The RFID Event Server is the primary component of the IBM WebSphere RFID Premises Server. It processes RFID event information using a system of WebSphere MQ message queues, message queue handlers, and event processing logic. The Premises Server defines five message queues for event processing:

Each message queue is bound with one or more Message Driven Beans (MDBs). When event messages flow through a series of message queues, the MDBs listening on these queues are triggered to consume these messages. They process the events according to the event type, and publish new messages to the other queues. See WebSphere RFID Handbook: A Solution Guide for detailed information about event processing on Premises Server.

For simplicity, we'll just use a one-way message flow in the messages in our check-in and check-out use case: messages flow from the Edge controller to the enterprise application. Specifically, when messages containing RFID tag information for the object arrive at the Premises Server, we'll parse the messages and then invoke the related enterprise application to update the object's status accordingly. We won't cover the backward message flow, that is, the control message flowing from the enterprise application to the Edge controller, in this article.

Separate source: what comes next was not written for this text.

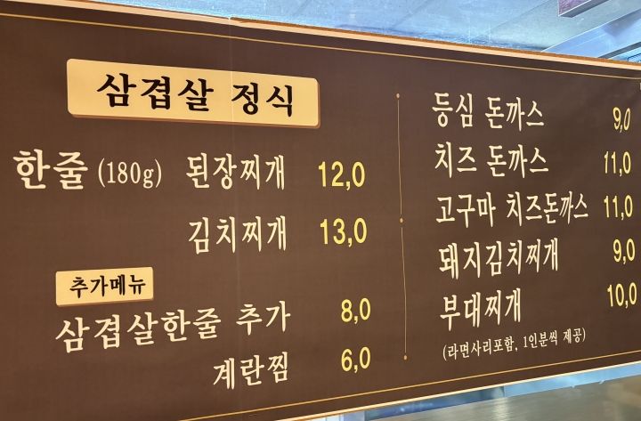 | 主なメニュー | サムギョプサル定食、キムチチゲ、プデチゲなど |

The Premises Server includes a set of predefined event templates (for example, a Tag Read event). Customers can extend these predefined event types as needed. Since the check-in and check-out use case is similar to the sample predefined in Premises Server, we can use the predefined event templates for our use case.

Figure 1 illustrates the message flow in the message queues of the check-in and check-out use case.

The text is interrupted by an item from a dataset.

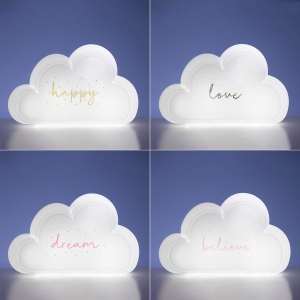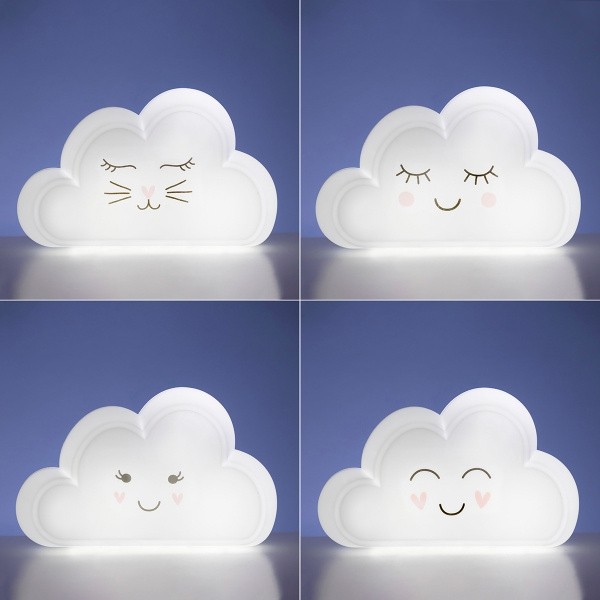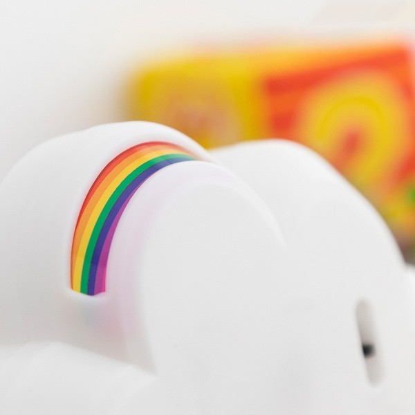 Lampa are forma unui nor si emite lumina alba, iar pe spate proiecteaza un curcubeu pe perete.

1. An RFID tag is scanned by the reader. The message flows from the Edge controller, through the MicroBroker Bridge, and into the EDGE.IN.Q. The MicroBroker Bridge transforms the message from the published topic format of the MQTT protocol to the XML template format of the corresponding message type.
2. The Edge Input Handler MDB listening on EDGE.IN.Q processes the messages according to message type, constructs a new message of tag_read tag, and puts it into TASK.Q.
3. The Tag Read Event Handler MDB listening on TASK.Q consumes the message, constructs a message of type new_tag or repeat_tag, and puts it into TASK.Q.
4. The Dock Door Receiving Event Handler MDB listening on the TASK.Q converts the new_tag or repeat_tag event to a dock_door_receiving event, and puts it into CONTROL.OUT.Q.
5. The messages in CONTROL.OUT.Q are now ready for the enterprise business adapter to access.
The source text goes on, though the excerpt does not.